The Adelphia Recovery Trust announced the settlement agreement late on Friday, claiming that it is “among the largest settlements ever reached between a public accounting firm and its audit client.” The trust’s allegations against Adelphia’s former lenders and others accused of taking part in financial fraud remain unsettled.
According to the trust, Deloitte will put the money into an interest-bearing escrow account.
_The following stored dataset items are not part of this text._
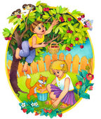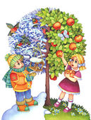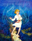 akwarela obraz. średniowieczne Biedna dziewczyna na polu zima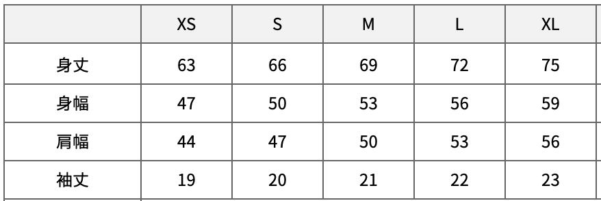・サイズ:S / M / L / XL ※詳しいサイズは画像のサイズチャート参考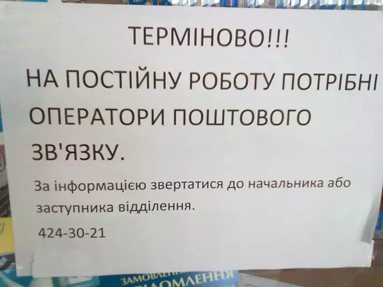 Почтовому отделению 03142 что на Академгородке, нужны операторы почтовой связи. Вот сфоткал обьявку - может ком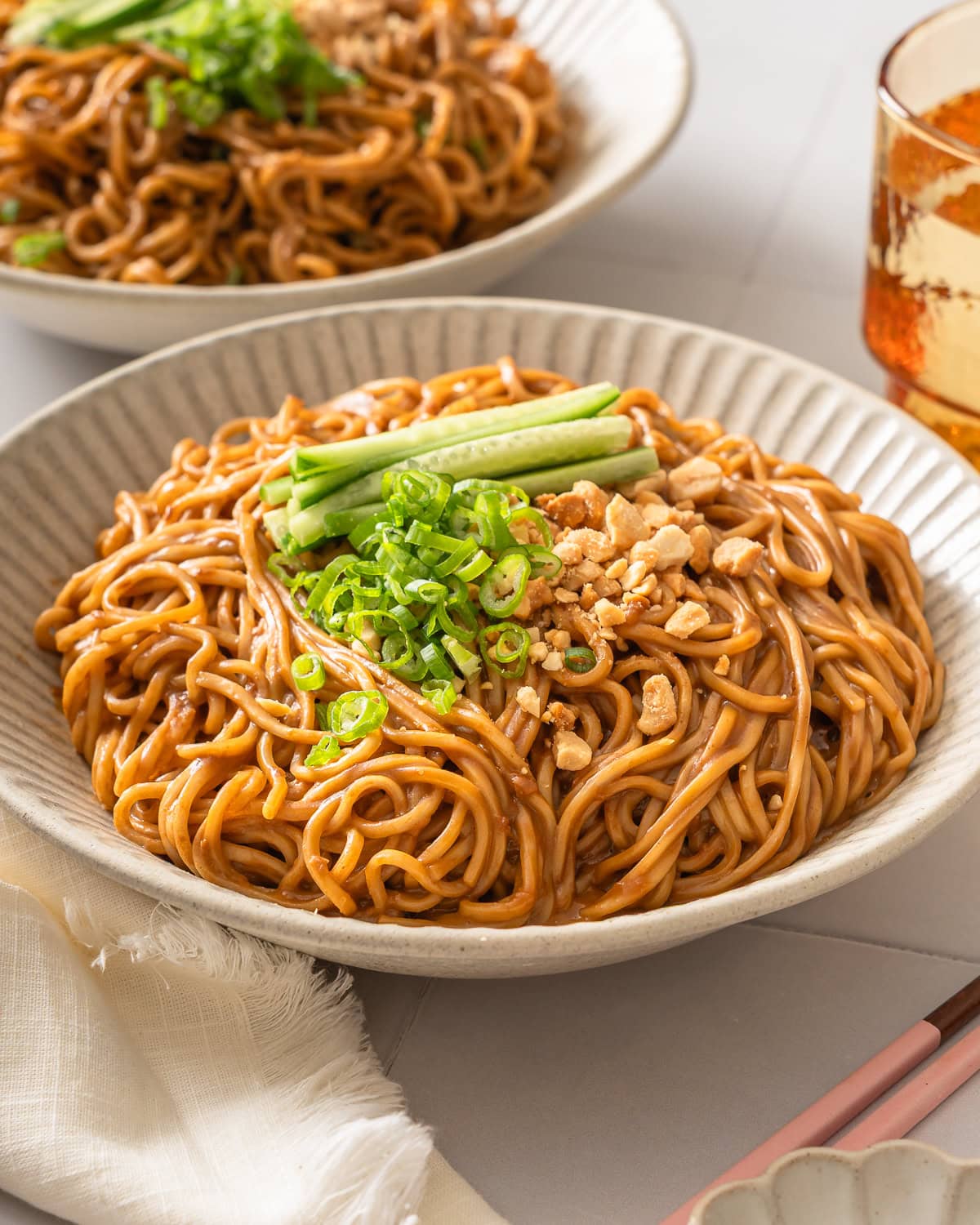 Sesame noodles are a Chinese-American savory noodle dish made with sesame paste, peanut butter, light and dark soy sauces, black vinegar, chili oil, sesame oil, garlic, and ginger. They are often served room temperature or cold, garnished with fresh cucumbers and green onions.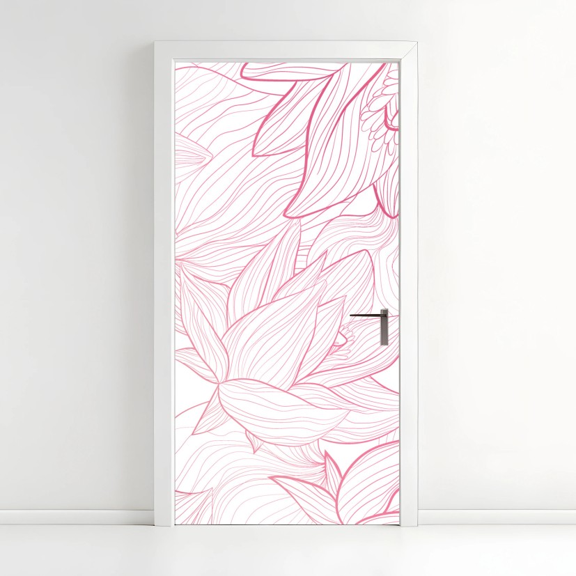 Türaufkleber Zartes rosa blumenlinienmuster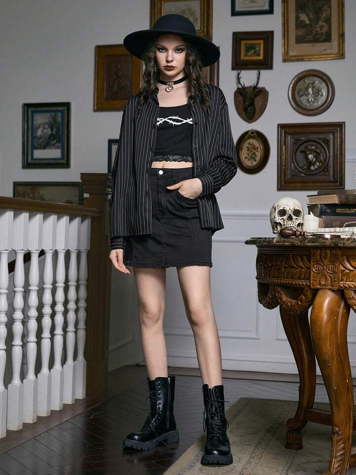 Academia Shirt mit Streifen Muster, Knopf vorne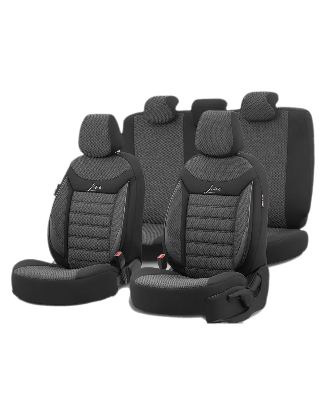 Комплект Луксозна Тапицерия OTOM текстил с еко кожа LINE Design – Черна с черен шев, за Предни и Задни Седалки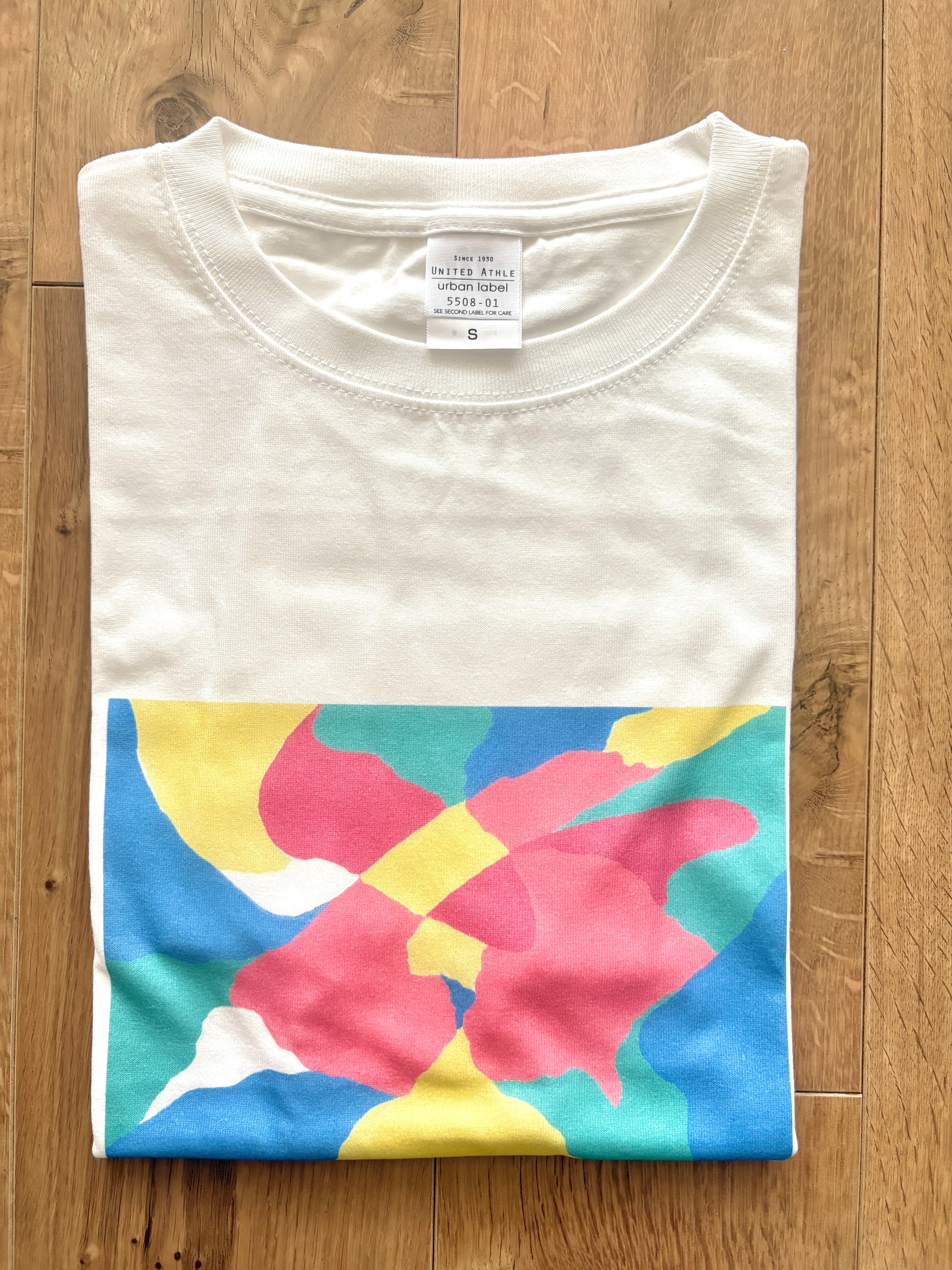 カラフルなアクリルアートをTシャツにしました。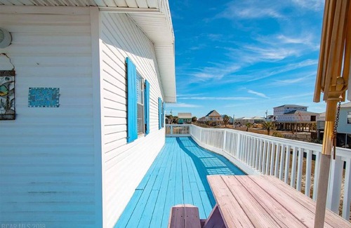 Newly renovated two bedroom, one bath home situated between the Gulf of Mexico and the Mobile Bay in Fort Morgan. Step off the deck and either walk two minutes the left to the ocean or two minutes to the right to the Bay! If your group wants to hang at the beach or fish or boat in the Bay then this is the perfect place to meet those needs! There are two private bedrooms. One room has one queen beds and the other has two double beds. There are two couches in the living room but they are not sleeper sofas. There is a full kitchen with full-sized appliances including a stove, refrigerator, microwave, & toaster oven. A full-sized washer and dryer is there as well. There is free WiFi and the living room has a 55” smart TV & both bedrooms have smart TV’s to watch all your favorite movies & tv shows. Local channels are available as well. The house has beautiful pine hardwood floors and tongue and groove wood on the ceilings. There is a nice, large deck that wraps to the side and has an outdoor sectional and excellent ocean or bay views! The lower area under the house has another picnic table and a swing to enjoy those ocean breezes. It's a pretty large area to just hang out and enjoy your down time! Tacky Jack's & The Sassy Bass are less than a 1/2 mile away and of course the historic Fort Morgan site is less than a mile away! You can catch the ferry there and head over to explore Dauphin Island for a unique day trip! Gulf Shores is just 15 minutes away! Enjoy the peace and solitude in Fort Morgan and head to Gulf Shores when you want to see the sites and visit the souvenir shops!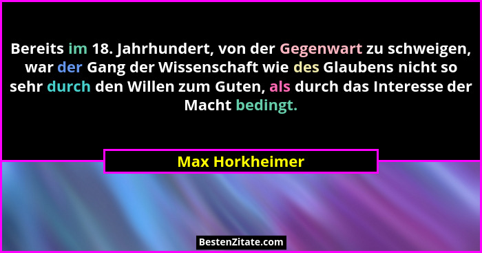 Bereits im 18. Jahrhundert, von der Gegenwart zu schweigen, war der Gang der Wissenschaft wie des Glaubens nicht so sehr durch den Willen zum Guten, als durch das Interesse der Macht bedingt.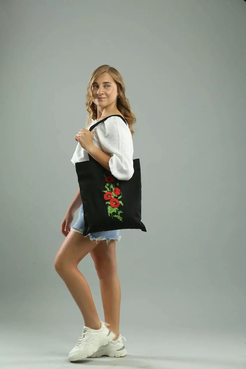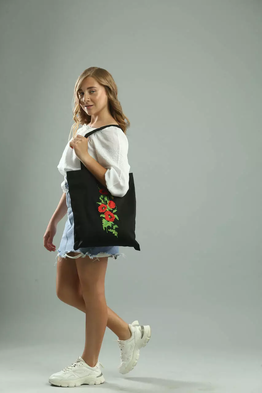 Повсякденна еко-сумка з вишивкою "Маки" у чорному кольорі.

The settlement awaits approval by U.S. Bankruptcy Judge Robert Gerber.
A Deloitte spokesman confirmed to CFO.com that the accounting firm has settled the case but believes it would have prevailed had the case continued. “As part of the settlement, Deloitte & Touche denies any wrongdoing,” the firm said in a prepared statement, adding that Deloitte “believes … that it was in the best interests of the firm and its clients to settle this action rather than to continue to face the burden, expense, and uncertainty of further litigation.”
Deloitte served as Adelphi’s audit firm from the mid-1980s to May 14, 2002, when Deloitte suspended its work on the audit for the year ended December 31, 2001, saying Adelphia’s books and records had been falsified.
The Rigases were convicted in 2004 on several counts, including securities fraud, bank fraud, and conspiracy to commit bank fraud at what had been the fifth-largest cable company before its collapse. Prosecutors claimed that the two executives hid nearly $2.3 billion in Adelphia debt from stockholders to mask the company’s unhealthy financial status.
Starting Monday, Timothy Rigas will serve 20 years in prison, and his father will serve 15. In an interview with USA Today published over the weekend, 82-year-old John Rigas said fraud did not occur at Adelphia. He went on to say the government’s case against him was based on the business environment at the time, amid other corporate scandals like Enron, WorldCom, and Tyco. “It was a case of being in the wrong place at the wrong time,” Rigas said. “If this had happened a year before, there wouldn’t have been any headlines.”
More than two years ago, Deloitte settled charges with the Securities and Exchange Commission, which claimed the accounting firm had “failed to detect a massive fraud perpetrated by Adelphia and certain members of the Rigas family” in its fiscal 2000 audit. Deloitte paid $50 million to settle the case.